■ **Information shown**:
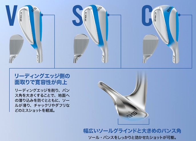 クリーブランド CBZ ウエッジの特徴ゴルフクラブのためだけに独自開発した新素材「Z-ALLOY」。ツアーで存在感を示した合金が、キャビティバックウエッジに搭載。 高い寛容性と心地よい打感、そして、ハイレベルなスピンコントロール性能を実現する。 ショートゲームをやさしくするキャビティバックウエッジ 高いショット安定性Z-ALLOY+ZIPCORE 打点位置に近い重心位置設計により、オフセンターショットでも高い飛距離安定性と方向安定性を実現。 さらに心地よい打感Z-ALLOY+GELBACK TPU ソフトなヘッド素材とさらに増量した衝撃吸収素材により、優れたフィーリングを実現。 優れたスピンコントロール性能HYDRAZIP+ULTIZIP 精密なレーザーミーリングとグルーブ設計により、悪条件下でも優れたスピン性能を発揮。 ![]() やさしく振り抜けるソール設計さまざまなシーンを想定し、あらゆる状況のショットをやさしくするロフト別ソール設計。V-SOLELofts 46° 48° 50° 52° ダフリを恐れず気持ちよくフルショット! V字のソールがフルショットやスクエアフェースのショット時に 抜けの良さを発揮し、チャックリやダフリのミスを軽減。S-SOLELofts 54° 56° バンカーも一発でラクラク脱出! ヒールを削ったワイドなソールがバンカーやラフなど フェースを開いたショットで効果を発揮。C-SOLELofts 58° 目の前のバンカーや池越えも怖くない! ヒール・トウ側を削ることで、あらゆる場面で抜けが良く フワリと上がるショットを実現。振りやすさを追求した重心設計キャビティアイアンとの流れを意識した設計により、違和感のない振りやすさを実現
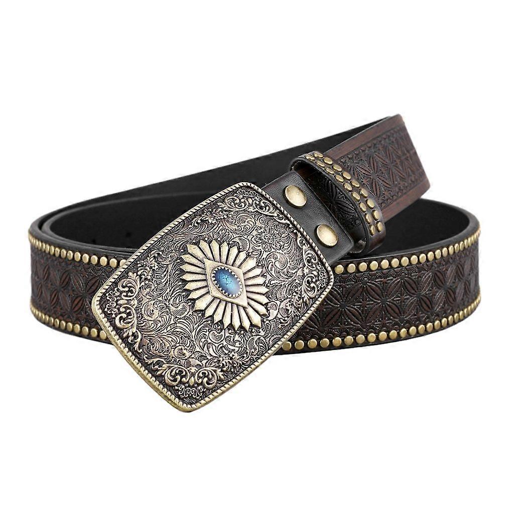 Features: Crafted from PU leathers, our belt is not only stylish but also long lasting. The rivet decoration and floral engraving make it a unique choice for fashion enthusiasts. Perfect for jeans and casual wear, this durable and comfortable belt is a must have. The adjustable length ensures a perfect fit for different waist sizes. Its simple design makes it suitable for both men and women. Elagant and attractive,suitable for men,women, boys or girls, easy to pair with any jeans, streetwear, outdoor golf Etc. This vintage leather belt is a fantastic gift for your dad,boyfriend,brother,husband. Specifications: Material:PU Leathers Length:Approx.110cm/43.31'',120cm/47.24'',130cm/51.18'' Note: Please allow 1mm errors due to manual measurement. Due to the difference between different monitors, the picture may not reflect the actual color of the item. Package includes: 1x Men Buckle Belt
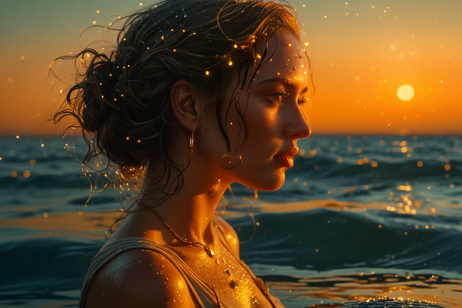 In this Namibian nighttime scene from ancient past, set amidst the mystical dew weather, Alexander Rodchenko’s Impasto Technique Marine genre painting unfolds. Within it lie softly glistening waters, reminiscent of a Douglas-fir forest in the distance. At its center, a young woman stands in reverence as marine creatures dance with stars above them, illuminated by the moonlight, forming an enchanting connection between land and sea. The picture is both mystical and captivating, evoking a sense of wonder for those that gaze upon it.
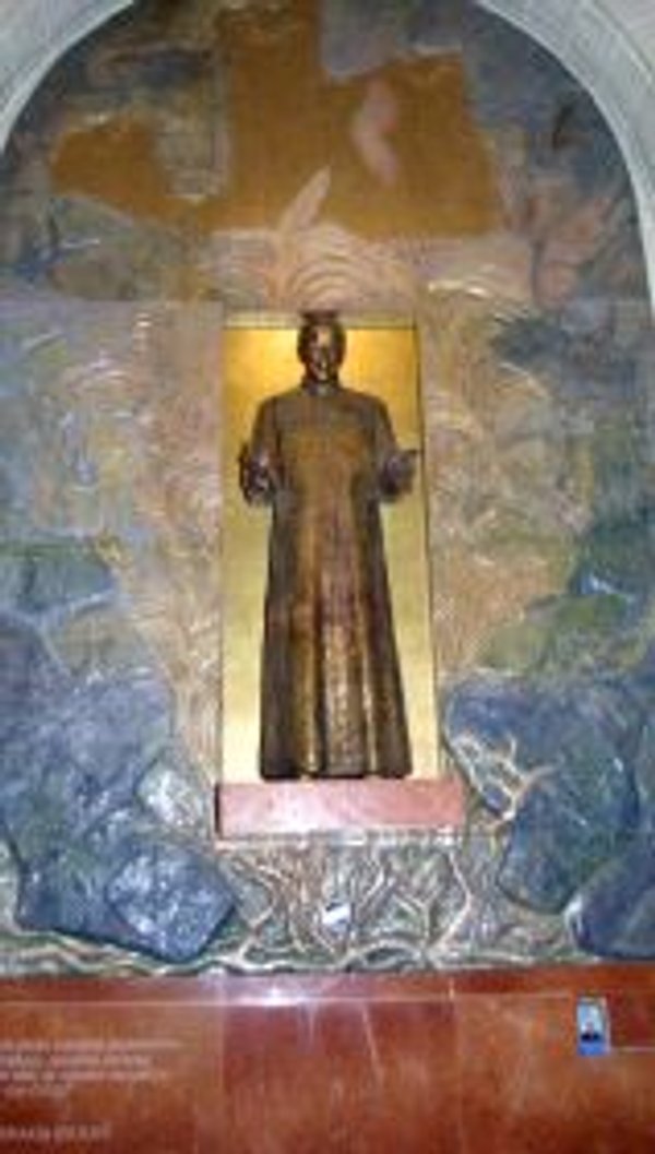 La capilla tiene como referencia una imagen realizada en bronce puro del nuevo santo vestido de sotana, y con los brazos hacia delante en expresión de afecto hacia los fieles.

■ **About this exercise**: The data above, line by line: transcribe it exactly and drop the pictures.

■ **Task output**:
 クリーブランド CBZ ウエッジの特徴ゴルフクラブのためだけに独自開発した新素材「Z-ALLOY」。ツアーで存在感を示した合金が、キャビティバックウエッジに搭載。 高い寛容性と心地よい打感、そして、ハイレベルなスピンコントロール性能を実現する。 ショートゲームをやさしくするキャビティバックウエッジ 高いショット安定性Z-ALLOY+ZIPCORE 打点位置に近い重心位置設計により、オフセンターショットでも高い飛距離安定性と方向安定性を実現。 さらに心地よい打感Z-ALLOY+GELBACK TPU ソフトなヘッド素材とさらに増量した衝撃吸収素材により、優れたフィーリングを実現。 優れたスピンコントロール性能HYDRAZIP+ULTIZIP 精密なレーザーミーリングとグルーブ設計により、悪条件下でも優れたスピン性能を発揮。 ![]() やさしく振り抜けるソール設計さまざまなシーンを想定し、あらゆる状況のショットをやさしくするロフト別ソール設計。V-SOLELofts 46° 48° 50° 52° ダフリを恐れず気持ちよくフルショット! V字のソールがフルショットやスクエアフェースのショット時に 抜けの良さを発揮し、チャックリやダフリのミスを軽減。S-SOLELofts 54° 56° バンカーも一発でラクラク脱出! ヒールを削ったワイドなソールがバンカーやラフなど フェースを開いたショットで効果を発揮。C-SOLELofts 58° 目の前のバンカーや池越えも怖くない! ヒール・トウ側を削ることで、あらゆる場面で抜けが良く フワリと上がるショットを実現。振りやすさを追求した重心設計キャビティアイアンとの流れを意識した設計により、違和感のない振りやすさを実現
 Features: Crafted from PU leathers, our belt is not only stylish but also long lasting. The rivet decoration and floral engraving make it a unique choice for fashion enthusiasts. Perfect for jeans and casual wear, this durable and comfortable belt is a must have. The adjustable length ensures a perfect fit for different waist sizes. Its simple design makes it suitable for both men and women. Elagant and attractive,suitable for men,women, boys or girls, easy to pair with any jeans, streetwear, outdoor golf Etc. This vintage leather belt is a fantastic gift for your dad,boyfriend,brother,husband. Specifications: Material:PU Leathers Length:Approx.110cm/43.31'',120cm/47.24'',130cm/51.18'' Note: Please allow 1mm errors due to manual measurement. Due to the difference between different monitors, the picture may not reflect the actual color of the item. Package includes: 1x Men Buckle Belt
 In this Namibian nighttime scene from ancient past, set amidst the mystical dew weather, Alexander Rodchenko’s Impasto Technique Marine genre painting unfolds. Within it lie softly glistening waters, reminiscent of a Douglas-fir forest in the distance. At its center, a young woman stands in reverence as marine creatures dance with stars above them, illuminated by the moonlight, forming an enchanting connection between land and sea. The picture is both mystical and captivating, evoking a sense of wonder for those that gaze upon it.
 La capilla tiene como referencia una imagen realizada en bronce puro del nuevo santo vestido de sotana, y con los brazos hacia delante en expresión de afecto hacia los fieles.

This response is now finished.